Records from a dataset

◇ ◇ ◇ ◇ ◇

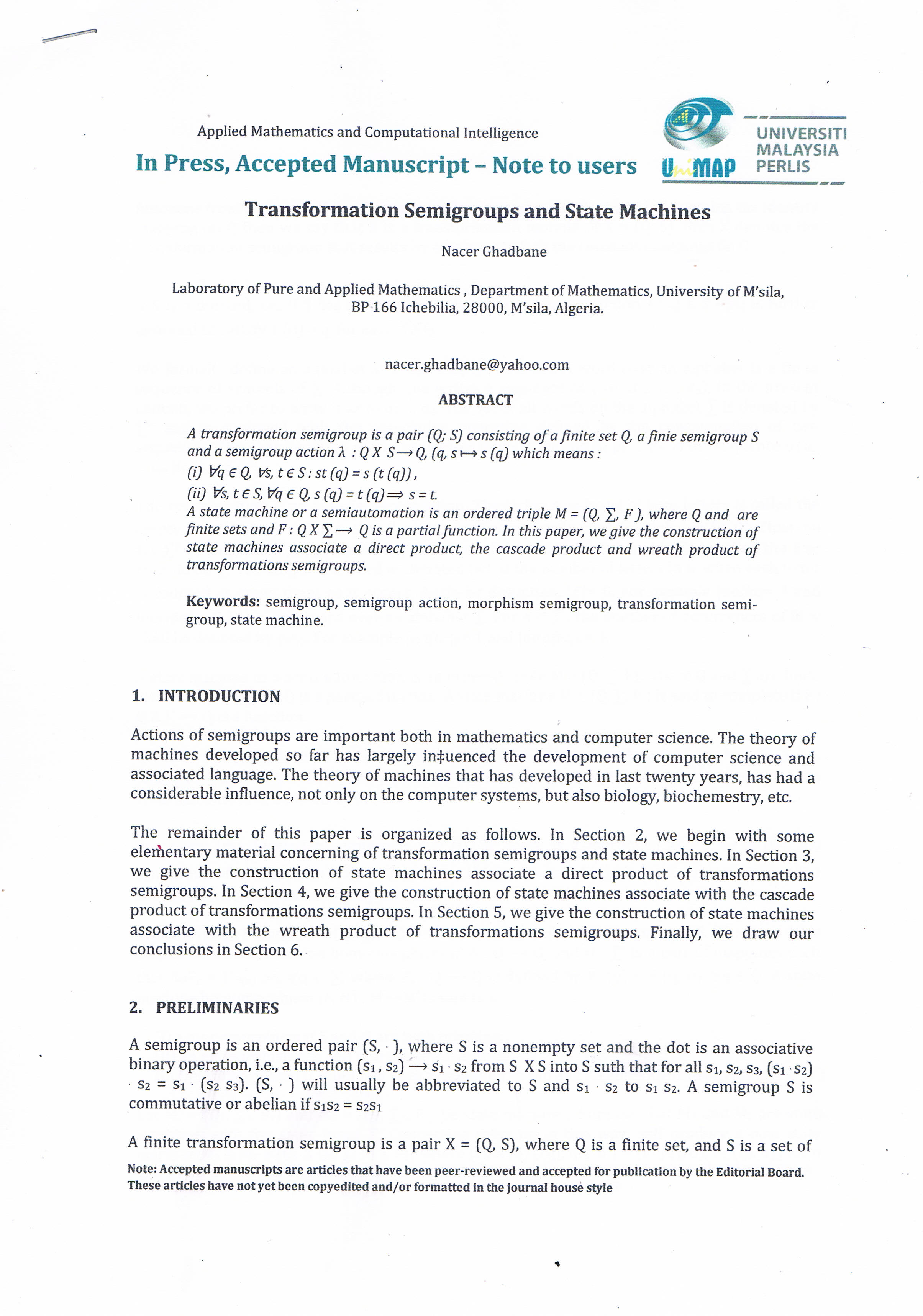 M. GHEDBANE Nasser, (2019), "Transformation Semigroups and State Machines", [national] Applied Mathematics and Computational Intelligence , APPLIED MATHEMATICS AND COMPUTATIONAL INTELLIGENCE (AMCI) PENERBIT UniMAP (UniMAP PRESS) Universiti Malaysia Perlis
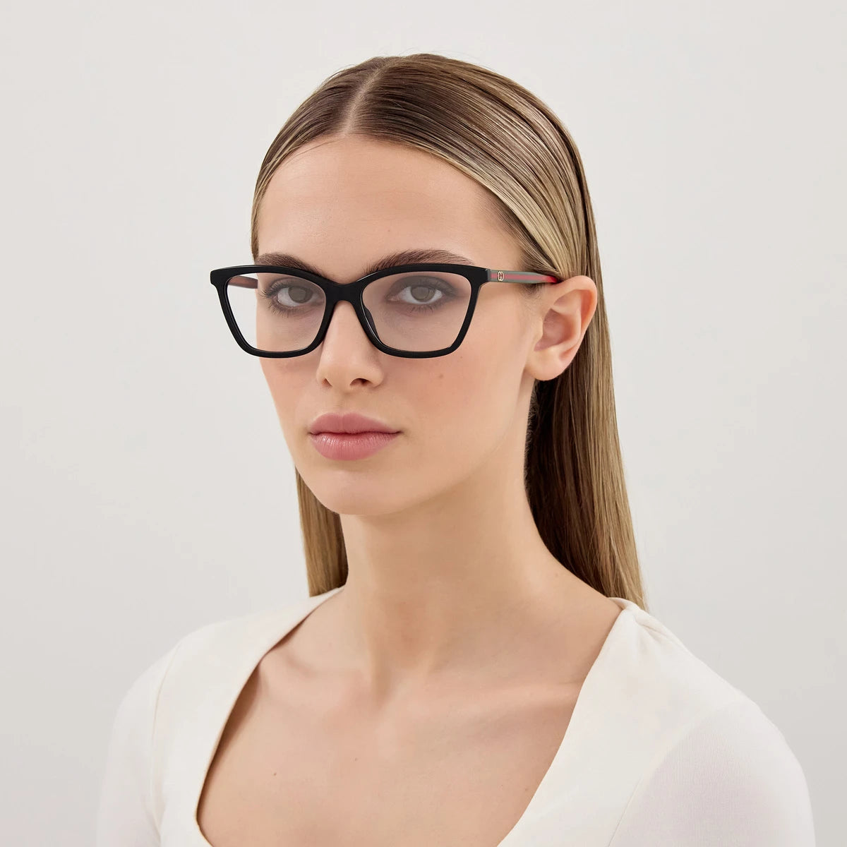 Black/Green (001) Eyeglasses (GG1989O 001 56) by Gucci™. Size: 56-16-145, Shape: Cat-Eye, Material: Recycled Acetate and Injection.
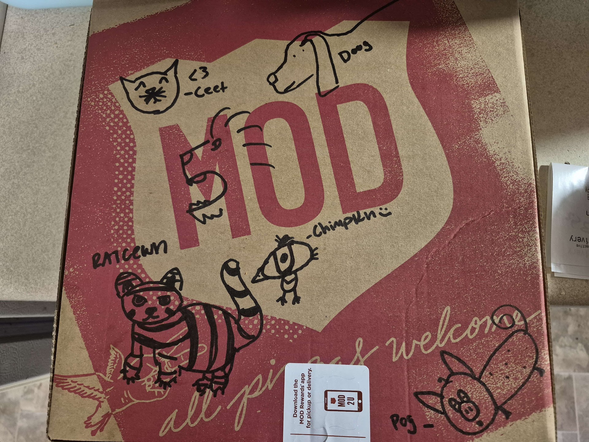 Read moreFood is always yummy. I always get a cauliflower crust and it is so good. (Granted I haven't had regular pizza in about a year) I love how everyone can get exactly what they want (or don't want) on their pizza. The app is easy to navigate and it saves prior orders so you don't have to remember what was on the "best pizza ever" that you came up with last time. đ¤đź service when we went to pick up pizza was not bad, but I would have liked it if the cashier at least said someone to me like, "I'll be right with you". They advertise that you go right in to pick up to-go order. We did that and I didn't mind the wait, I just wish someone/anyone that was working had acknowledged our presence. These were younger "kids"and I know expectations are different, but still. Overall, I did not let that stand in the way of the delicious food that we always get from MOD, it didn't affect my five-star rating-who knows, someone might have been having a bad day. â¤ď¸ (Why are you still reading? Go...
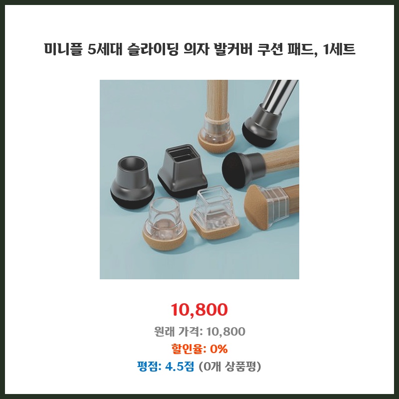 의자 다리에 착 감기는 밀착력이 좋고, 바닥 긁힘도 방지되어 만족합니다. 투명해서 티도 안 나고, 깔끔해 보여요!
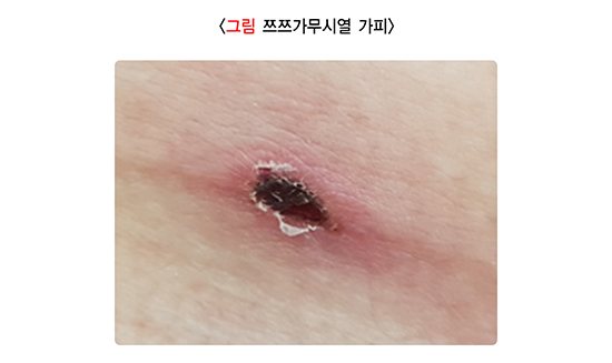 쯔쯔가무시열은 털진드기 유충에 물려서 발생하는 세균 감염증입니다. 털진드기의 서식지는 농경지, 텃밭, 주거지 주변 풀이 있는 장소 등이며 국내에서는 9~12월에 많이 발생합니다. 소아에서는 경증부터 중증까지 다양한 증상을 보일 수 있습니다. 털진드기 유충에 물린 후 10~12일 뒤에 감기와 유사한 증상을 보이지만 고열이 지속됩니다. 증상이 발생하고 3~7일에 홍반성 구진성 발진이 몸통에서 시작하여 팔다리로 퍼집니다. 진드기가 물린 자리에 붉은 테두리를 동반한 통증이 없는 가피가 형성됩니다(그림). 소아에서 쯔쯔가무시열 발생 시 폐렴 및 뇌수막염 등 심각한 합병증이 발생할 수 있으며, 항생제 치료가 필요합니다.
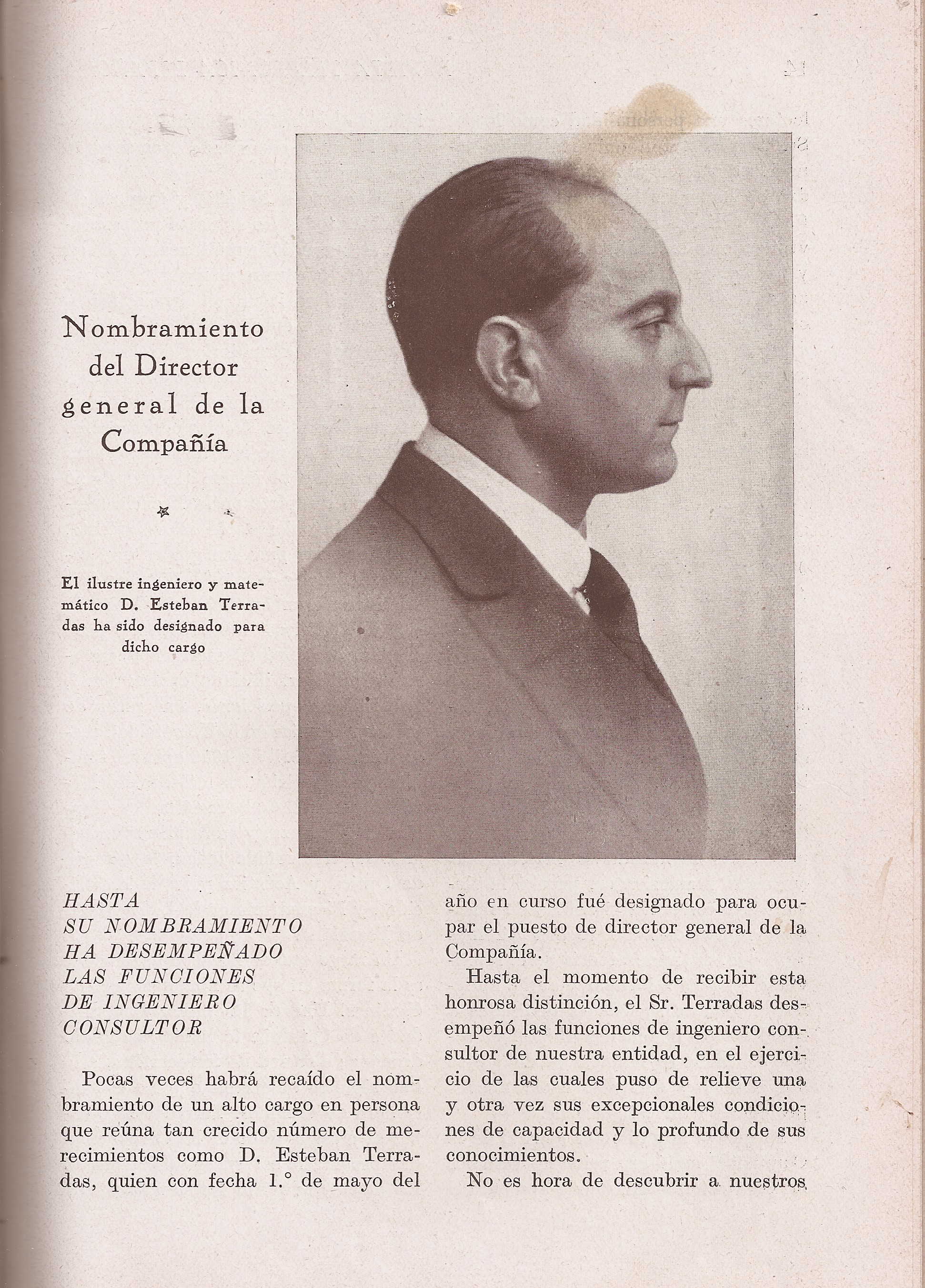 En 1924 Terradas renunció a su puesto en la Mancomunitat al entrar en la ITT, la empresa americana que creó la CTNE para hacerse con el monopolio del servicio telefónico en España a través del contrato con el Estado. Posteriormente pasa ya a pertenecer a la CTNE, como Director de Instrucción y en 1926 es nombrado Director general. Aquí os dejamos copia de la noticia que ofreció la Revista Telefónica Española. (Revista Telefonica Española, dic 1929)

◇ ◇ ◇ ◇ ◇

> **Exercise instructions**
A clean copy is needed of the lines above from the one with "의자 다리에 착 감기는" up to and including the one with "쯔쯔가무시열은 털진드기 유충에". Please set it down exactly, with no pictures.

> **Solution to this task**
 의자 다리에 착 감기는 밀착력이 좋고, 바닥 긁힘도 방지되어 만족합니다. 투명해서 티도 안 나고, 깔끔해 보여요!
 쯔쯔가무시열은 털진드기 유충에 물려서 발생하는 세균 감염증입니다. 털진드기의 서식지는 농경지, 텃밭, 주거지 주변 풀이 있는 장소 등이며 국내에서는 9~12월에 많이 발생합니다. 소아에서는 경증부터 중증까지 다양한 증상을 보일 수 있습니다. 털진드기 유충에 물린 후 10~12일 뒤에 감기와 유사한 증상을 보이지만 고열이 지속됩니다. 증상이 발생하고 3~7일에 홍반성 구진성 발진이 몸통에서 시작하여 팔다리로 퍼집니다. 진드기가 물린 자리에 붉은 테두리를 동반한 통증이 없는 가피가 형성됩니다(그림). 소아에서 쯔쯔가무시열 발생 시 폐렴 및 뇌수막염 등 심각한 합병증이 발생할 수 있으며, 항생제 치료가 필요합니다.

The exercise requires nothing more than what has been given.